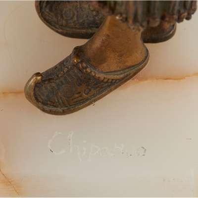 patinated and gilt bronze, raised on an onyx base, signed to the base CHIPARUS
* * *
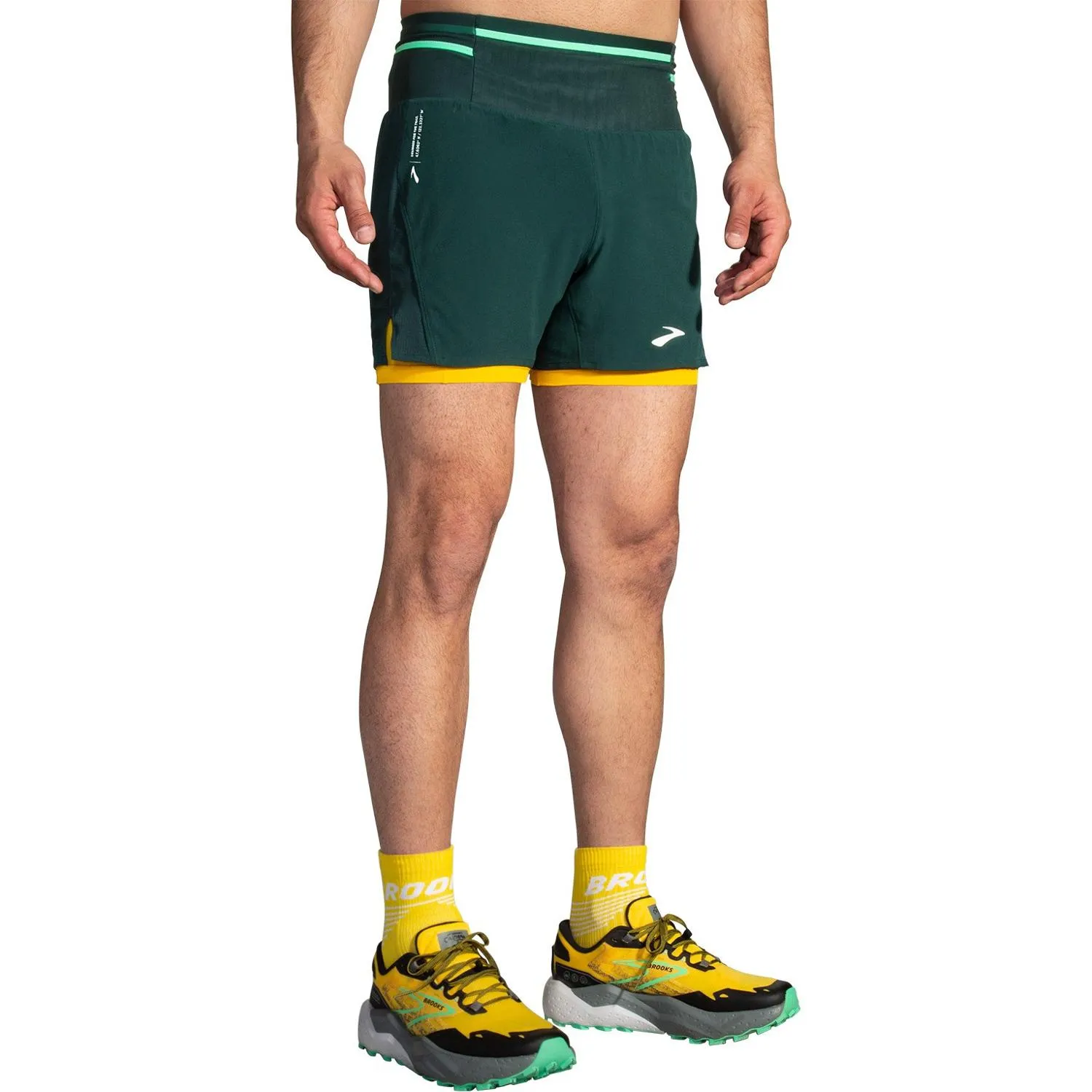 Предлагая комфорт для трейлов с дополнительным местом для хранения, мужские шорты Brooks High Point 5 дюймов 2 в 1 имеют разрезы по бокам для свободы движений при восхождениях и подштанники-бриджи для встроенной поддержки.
==
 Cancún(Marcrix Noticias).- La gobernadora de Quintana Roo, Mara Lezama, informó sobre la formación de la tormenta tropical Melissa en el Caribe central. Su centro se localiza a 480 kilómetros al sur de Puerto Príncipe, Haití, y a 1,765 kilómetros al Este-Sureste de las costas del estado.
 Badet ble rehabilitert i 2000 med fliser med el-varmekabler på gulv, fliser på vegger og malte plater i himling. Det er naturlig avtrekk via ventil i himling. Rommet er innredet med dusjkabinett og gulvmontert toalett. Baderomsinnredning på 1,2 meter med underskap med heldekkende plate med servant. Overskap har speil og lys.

▸ Action item:
Above this instruction are the records; retype exactly the lines from the one containing "Cancún(Marcrix Noticias).- La" up to and including the one containing "Badet ble rehabilitert".

▸ Result:
 Cancún(Marcrix Noticias).- La gobernadora de Quintana Roo, Mara Lezama, informó sobre la formación de la tormenta tropical Melissa en el Caribe central. Su centro se localiza a 480 kilómetros al sur de Puerto Príncipe, Haití, y a 1,765 kilómetros al Este-Sureste de las costas del estado.
 Badet ble rehabilitert i 2000 med fliser med el-varmekabler på gulv, fliser på vegger og malte plater i himling. Det er naturlig avtrekk via ventil i himling. Rommet er innredet med dusjkabinett og gulvmontert toalett. Baderomsinnredning på 1,2 meter med underskap med heldekkende plate med servant. Overskap har speil og lys.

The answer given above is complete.